BEGIN

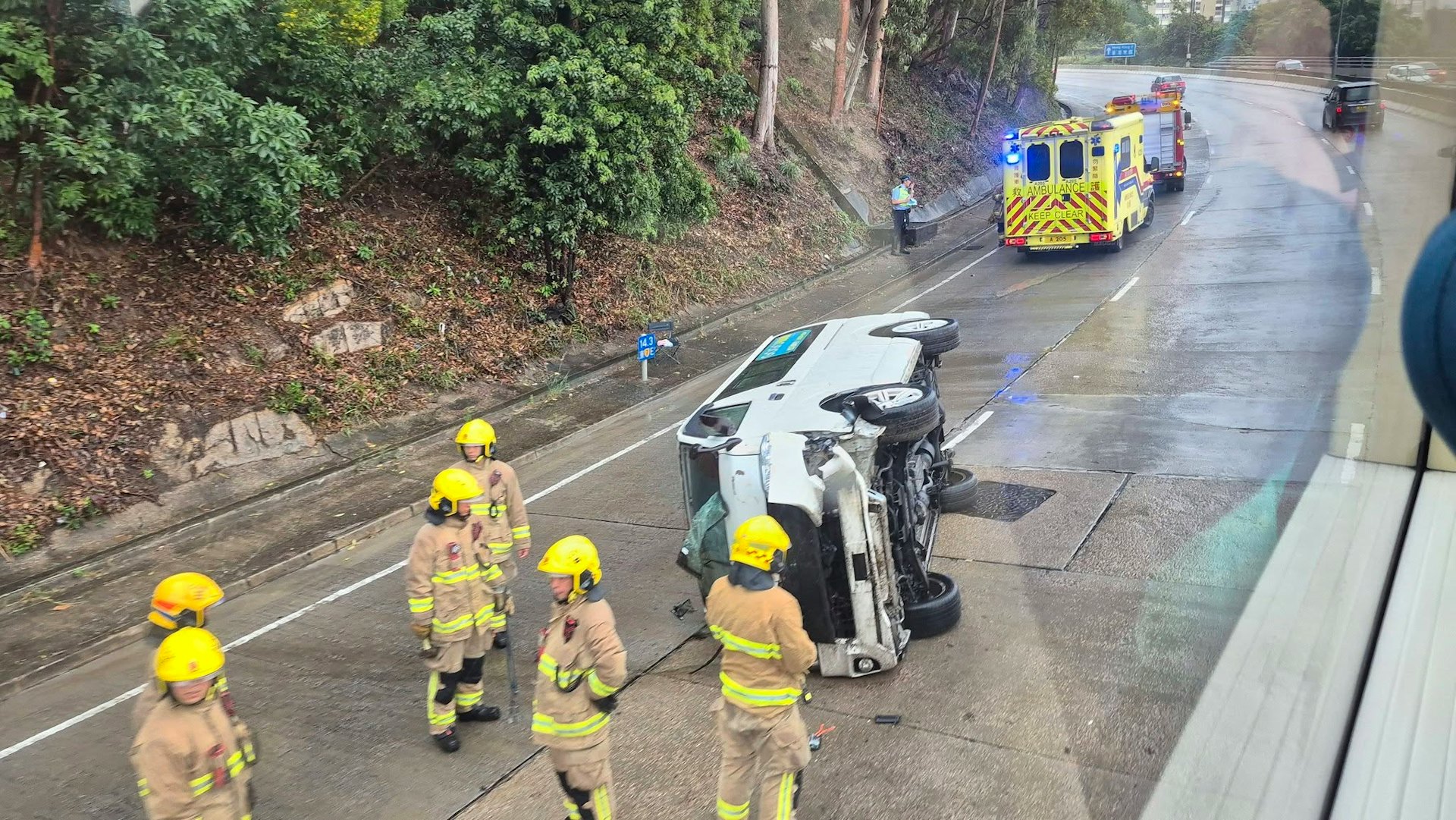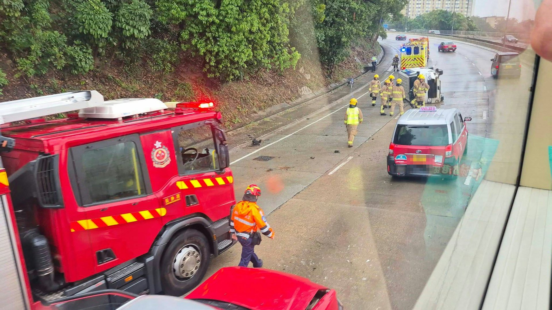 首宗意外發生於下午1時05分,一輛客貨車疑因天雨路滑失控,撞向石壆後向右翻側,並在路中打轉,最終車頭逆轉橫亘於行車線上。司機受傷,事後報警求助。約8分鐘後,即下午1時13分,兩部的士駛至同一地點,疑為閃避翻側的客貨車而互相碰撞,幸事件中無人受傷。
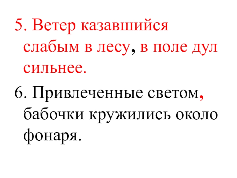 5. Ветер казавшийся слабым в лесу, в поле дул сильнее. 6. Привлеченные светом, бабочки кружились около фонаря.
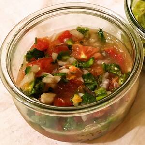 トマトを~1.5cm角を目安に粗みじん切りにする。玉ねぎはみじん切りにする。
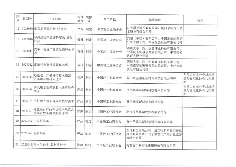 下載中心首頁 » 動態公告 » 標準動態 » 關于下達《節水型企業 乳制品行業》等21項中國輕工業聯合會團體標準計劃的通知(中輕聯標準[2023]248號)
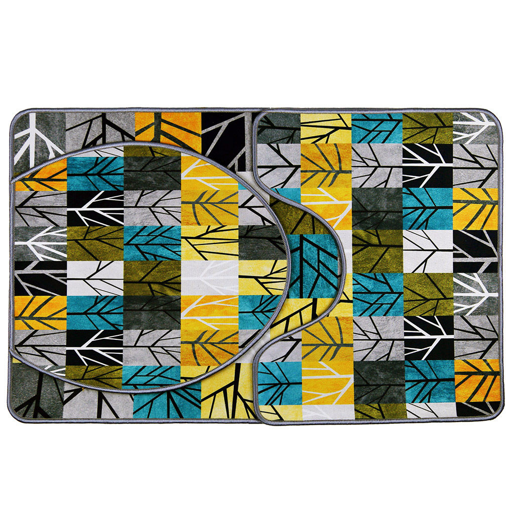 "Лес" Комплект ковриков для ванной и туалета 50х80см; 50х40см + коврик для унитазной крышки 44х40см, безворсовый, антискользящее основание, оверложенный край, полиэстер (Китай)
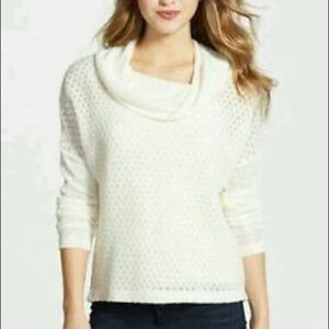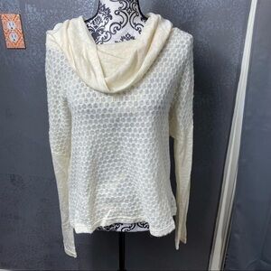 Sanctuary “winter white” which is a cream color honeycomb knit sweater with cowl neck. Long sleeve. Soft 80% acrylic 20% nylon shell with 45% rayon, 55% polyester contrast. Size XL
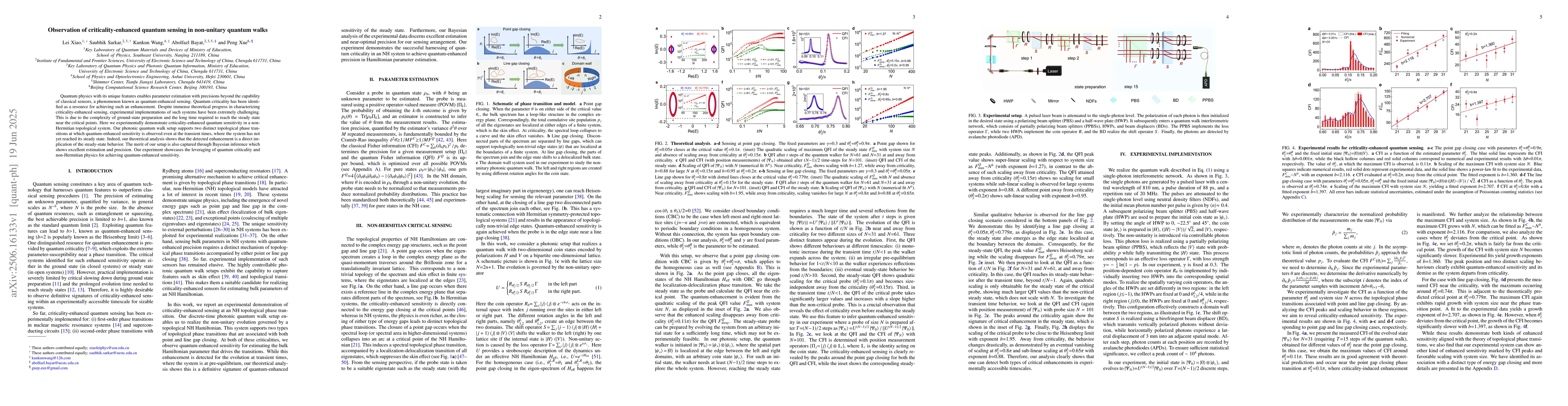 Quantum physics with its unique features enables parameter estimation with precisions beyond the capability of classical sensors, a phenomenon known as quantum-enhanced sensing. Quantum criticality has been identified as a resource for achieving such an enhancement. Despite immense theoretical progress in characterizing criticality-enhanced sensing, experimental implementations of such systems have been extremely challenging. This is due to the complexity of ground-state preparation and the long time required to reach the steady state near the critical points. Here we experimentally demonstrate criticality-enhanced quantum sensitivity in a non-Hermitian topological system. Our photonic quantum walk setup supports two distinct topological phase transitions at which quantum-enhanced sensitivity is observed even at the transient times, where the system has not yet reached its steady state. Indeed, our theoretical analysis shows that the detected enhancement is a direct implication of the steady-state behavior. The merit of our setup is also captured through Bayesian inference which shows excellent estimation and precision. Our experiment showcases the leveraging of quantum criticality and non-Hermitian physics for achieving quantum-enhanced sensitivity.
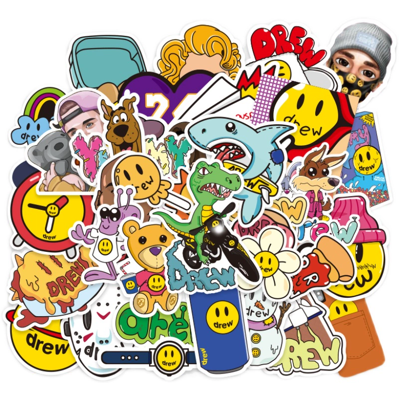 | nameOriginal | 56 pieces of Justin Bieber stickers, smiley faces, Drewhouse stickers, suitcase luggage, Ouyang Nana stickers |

END

What is needed is an exact copy of the lines above, from the one holding "トマトを~1.5cm角を目安に粗みじん切りにする。玉ねぎはみじん切りにする。" down to the one holding "contrast. Size XL", with those two included and the pictures left out.

Response to the task:
 トマトを~1.5cm角を目安に粗みじん切りにする。玉ねぎはみじん切りにする。
 下載中心首頁 » 動態公告 » 標準動態 » 關于下達《節水型企業 乳制品行業》等21項中國輕工業聯合會團體標準計劃的通知(中輕聯標準[2023]248號)
 "Лес" Комплект ковриков для ванной и туалета 50х80см; 50х40см + коврик для унитазной крышки 44х40см, безворсовый, антискользящее основание, оверложенный край, полиэстер (Китай)
 Sanctuary “winter white” which is a cream color honeycomb knit sweater with cowl neck. Long sleeve. Soft 80% acrylic 20% nylon shell with 45% rayon, 55% polyester contrast. Size XL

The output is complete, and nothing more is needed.